Sağlıklı beslenme söz konusuysa mazeret yoktur: Bahanelerinizi fark edip harekete geçme zamanı

“Sağlıklı beslenmeye mazeretim var!” mı diyorsunuz? Peki neden?

Geçen bir danışanım iş yaşamı ile birlikte kilo artışının başladığını ve artık zayıflamak istediğini söylüyor; program planlama esnasında sohbet ederken, ben “Kahvaltıyı kaç gibi yapıyorsunuz?” diyorum, o “Bu şartlarda mümkün değil, böyle alıştım” diyor, “Öğle yemeğinde ne yiyorsunuz?” diye soruyorum, o “Tost yiyorum, bulabildiğim tek o var” diyor, “Su içiyor musunuz?” diyorum, “Tuvalet sıkıntısı” diyor, “Hareketli misiniz?” diyorum, “Evden asansörle arabaya iniyorum, oradan işte asansörle masama çıkıyorum, aynı şekilde dönüyorum” diyor…
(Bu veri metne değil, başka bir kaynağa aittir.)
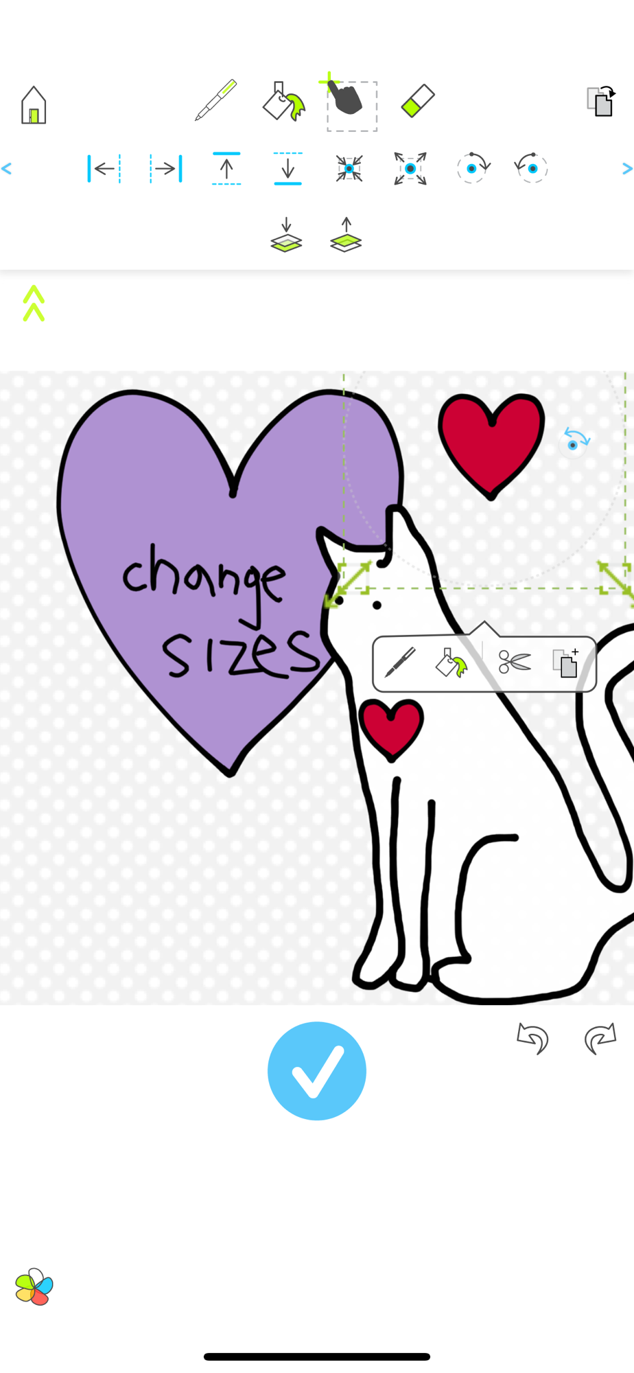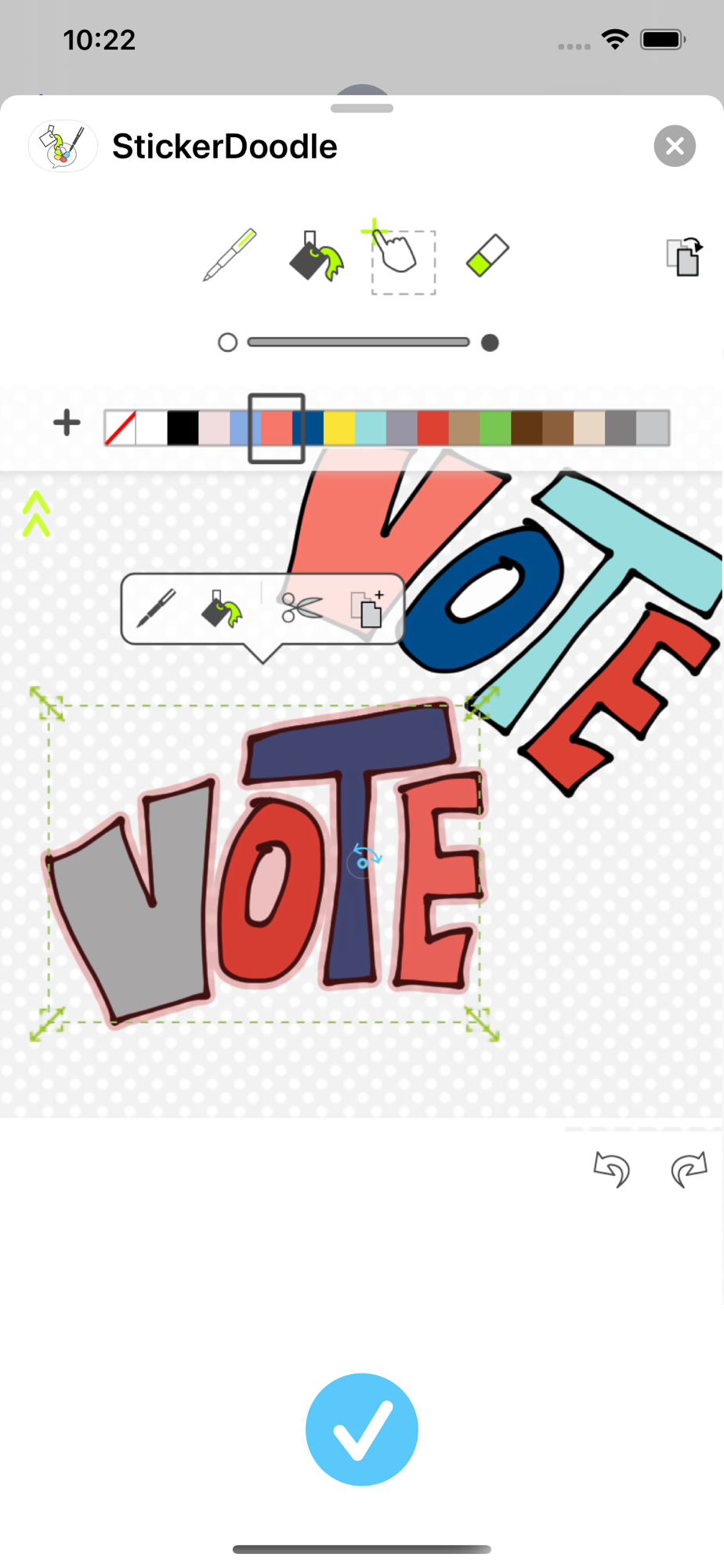 The main app is where you have the choice to make an animated sticker. With the vector-like drawing, it is so easy to create an animation. No complicated tools or commands. Just advance the screen and your doodle advances too. Add, delete, stretch, scale, move the doodles intuitively. Make your animation 2 to 8 frames long. Save it as a small, medium or large sticker.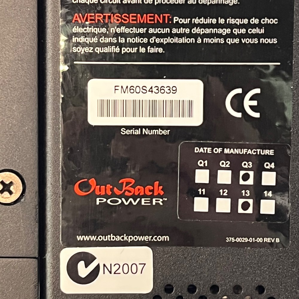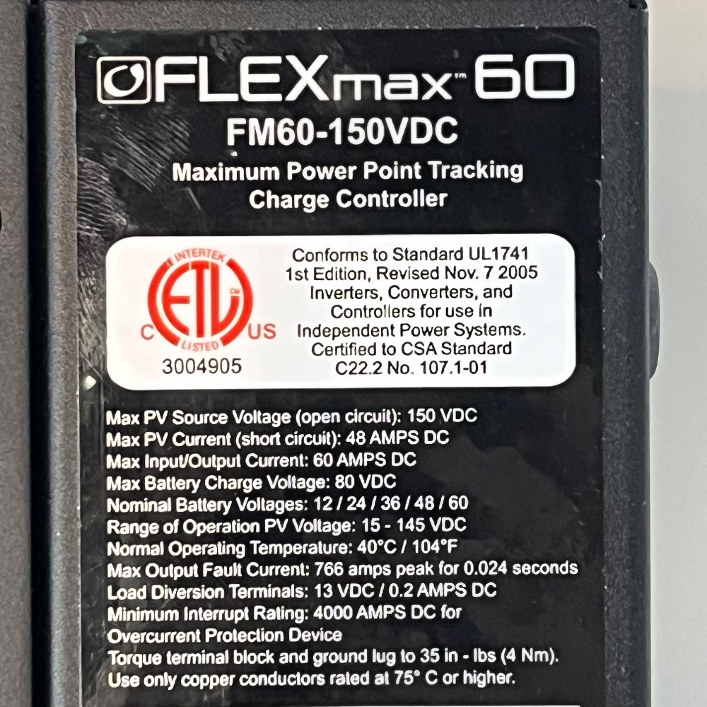 Model FM60-150VDC Manufactured Q3 of 2013

Konu sağlıklı beslenme olunca mazeret çok oluyor, yukarıda anlattığım gibi: Yoğun çalışma hayatı, çocuklara vakit ayıramıyoruz, evden yemek götüremiyoruz, etrafımızda bulamıyoruz, bulsak da vakit ayıramıyoruz, millet ne der diye tuvalete gidemiyoruz, çantadan çıkarıp yiyemiyoruz… Bunlar sadece birkaçı…

Aslına baktığımızda bunlar bizim hayatımızda seçtiğimiz, kolay olduğunu sandığımız mazeretlerimizdir. Her zaman böyle olacak, yaşamımız da kendi bedenimize olan saygı seviyemizi gösterir. İlk başlarda kolay gelmeyecek, bunu biliyoruz ama hayatınıza kattıklarınız arkasından kolaylık olarak gelecek…

Ne kadar zor olabilir ki kendinize iyi bakmak, sevgililer gününü geride bıraktık mesela, o zaman da çok söylendi, önce kendini sevmeyle başlıyor her şey…

Kendini sev, çünkü o sevgi sevgiyi yaratacak…

Her gün 2 litre en az su içmek ne kadar zor olabilir mesela? O suyun bedeniniz üzerindeki sayısız etkilerinden faydalanmak dururken…

İş yerinde “bulunamayan yemek” bahanesiyle ne kadar devam edebilirsiniz? Bir ömür mü? Yapmayın, her gün yiyebileceğiniz pratik ama sağlıklı alternatifler üzerine düşünmek, bulamadıysak bir diyetisyen ile size özel alternatifler oluşturmak mümkün…

Danışanlarım sık sık teyit etmek için soruyor: “Ayy size ne zor! Siz hep böyle besleniyorsunuz değil mi?” Cevap veriyorum: Evet, lakin öyle sandığınız kadar zor ve keyifsiz değil. Ben yediklerime dikkat ediyorum, yediklerim de bana, bakış açınızı değiştirmediğiniz için bahaneler üretiyorsunuz aslında, bunun zor ve keyifsiz olduğunu düşünüp yaşamınızda değişiklik yapmak istemiyorsunuz, yanlışsam söyleyin…

Nasıl bakarsanız öyle görürsünüz; tabağınızdaki yiyeceklerle “haydi gel beni gerçekten besle” diye konuştuğunuzda, yani onları gerçek bir gözle gördüğünüzde hem ruhunuz hem de bedeniniz doyacak…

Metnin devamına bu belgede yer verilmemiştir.